**TO DO:** Please write out exactly the lines of the data below from the line holding "Situado en el" through the line holding "una fiesta de", and leave out the rest.

**RECORDS PROVIDED:**
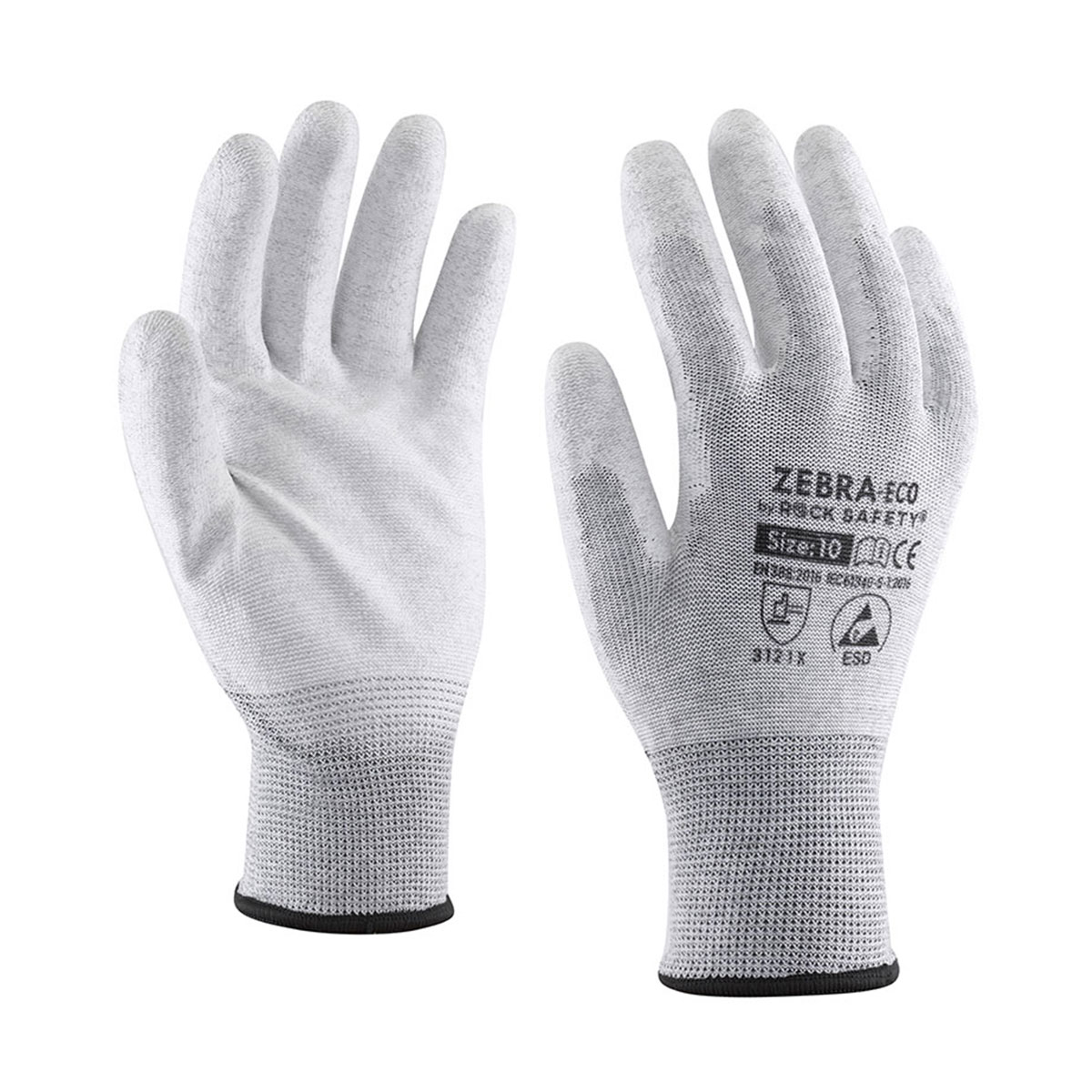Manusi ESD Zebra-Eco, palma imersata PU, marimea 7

--

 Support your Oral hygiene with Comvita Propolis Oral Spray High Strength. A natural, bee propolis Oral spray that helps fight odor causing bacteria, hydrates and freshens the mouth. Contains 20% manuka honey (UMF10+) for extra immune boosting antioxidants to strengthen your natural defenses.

--

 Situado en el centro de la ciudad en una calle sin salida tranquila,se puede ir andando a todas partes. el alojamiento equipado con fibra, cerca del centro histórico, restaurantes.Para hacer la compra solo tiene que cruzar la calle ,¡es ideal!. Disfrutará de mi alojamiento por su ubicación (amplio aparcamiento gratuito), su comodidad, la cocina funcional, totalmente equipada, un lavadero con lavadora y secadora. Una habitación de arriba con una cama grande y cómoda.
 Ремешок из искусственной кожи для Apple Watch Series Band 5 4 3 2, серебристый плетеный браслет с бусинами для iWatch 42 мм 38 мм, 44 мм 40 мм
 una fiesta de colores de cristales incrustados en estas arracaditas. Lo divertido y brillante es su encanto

**FINISHED EXERCISE:**
 Situado en el centro de la ciudad en una calle sin salida tranquila,se puede ir andando a todas partes. el alojamiento equipado con fibra, cerca del centro histórico, restaurantes.Para hacer la compra solo tiene que cruzar la calle ,¡es ideal!. Disfrutará de mi alojamiento por su ubicación (amplio aparcamiento gratuito), su comodidad, la cocina funcional, totalmente equipada, un lavadero con lavadora y secadora. Una habitación de arriba con una cama grande y cómoda.
 Ремешок из искусственной кожи для Apple Watch Series Band 5 4 3 2, серебристый плетеный браслет с бусинами для iWatch 42 мм 38 мм, 44 мм 40 мм
 una fiesta de colores de cristales incrustados en estas arracaditas. Lo divertido y brillante es su encanto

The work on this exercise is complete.